To ensure equal load distribution across the width of the more narrow chains used in Borg Warner's Gemini™ Phased Chain System, engineers designed new chain guide links. Called ET Guide Links, these components look rather like a slightly spread horseshoe with a fat toe plate. More compliant than a conventional solid guide plate, they allow better load sharing by all the chain's links. Conventional guide plates are thick and stiff. Consequently, more load may be carried by the guide plate and elements close to it than by the rest of the chain. More even load sharing is necessary to extend the life of relatively narrow chains such as those used in the Gemini™.
Ductile iron blanks used to produce sprockets for the Gemini system are machined and hobbed. Four rivets fix the positions of each pair of sprockets in a set, placing each component ½ pitch out of phase with its companion. Finally, the sets undergo inductive heat-treat.
A land some 0.015 to 0.020-inch-high separates the two sprockets in each set, and the rivets pass through this land. Engineers added the land after they observed that prototype sets distorted during heat-treat. The outer circumferences of the sprockets tended to move toward one another and meet. This bowing produced a gap between the two sprockets in each set. By adding the land, engineers al-low the iron components to move a bit without contacting.
Another source of chain noise developed in low-speed, high-torque conditions. Under these conditions, the chainset's tight strand went into resonance at a frequency between 100 Hz and 200 Hz. After experimenting with other approaches, Borg Warner engineers installed a chain snubber consisting of rubber bonded to a steel support. It completely eliminated the moaning noise produced by the chain.
The Gemini system's first full-production-volume application was in Chrysler's 1995 model year LH-Series cars. Borg Warner intends to use the system very widely in other automotive applications. From conception to production, the Gemini project required just 24 months of work by a multidisciplinary Product Launch Team at Borg Warner. The team included: Phil Mott; Roger Young, project engineering manager; Dave White, development engineer; John Skurka, NVH engineer; and Roger Wood, manufacturing manager. Presently, the company has the capacity to produce and ship approximately 2,000 Gemini systems per day.

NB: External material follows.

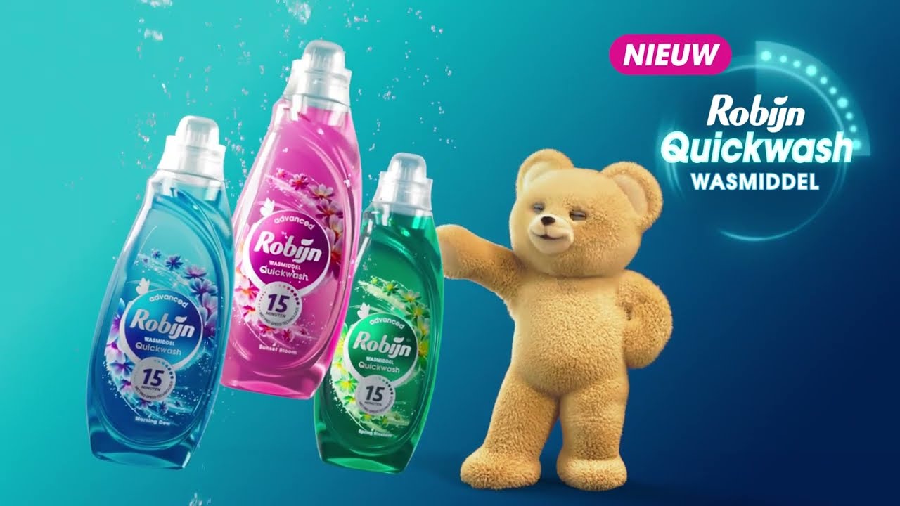 Ik trek Quickwash uit het schap en het valt mij op dat het logo zilver is in plaats van het gebruikelijke rood en dat ik iets mis – Robijntje! Het pluchen knuffelbeertje dat langzaam in mijn hart gekropen is. En die ik op tv puffend tegen Usain Bolt zie sprinten. Een knoepert van een distincitive brand asset. Zo’n attribuut waar consumenten meteen je merk aan koppelen en die de effectiviteit daardoor een boost geeft. Het beertje blijkt in 1981 speciaal bedacht voor de wasverzachters van Robijn en staat alleen op die verpakkingen. Of nee, ook op de Geurbuiltjes en Droogtrommeldoekjes zie ik. Wat precies de strategie is, weet ik niet, maar als ik Robijn was, zou ik Robijntje mij heel snel op alle producten laten toelachen. Volgens professor Mark Ritson gaat de effectiviteit van je merk significant omhoog als er in een uiting zeven distinctive brand assets zitten: merknaam, logo, kleur, typografie, slogan, jingle en mascottes. Robijntje benutten dus!

"For principle and mathematics to work out so well is really amazing," says Berthold Martin of Chrysler Corp. He sees other applications for the Gemini system coming in four-wheel-drive cars and trucks. "It has to come eventually because four-wheel-drive applications are becoming more demanding in terms of on-road use of such vehicles, especially vehicles that we export." Martin and Mott co-authored a paper on the Gemini system. They presented it at the SAE International Congress and Exposition in Detroit last spring. Copies of the paper, number ISSN 0148-7191, can be obtained from SAE.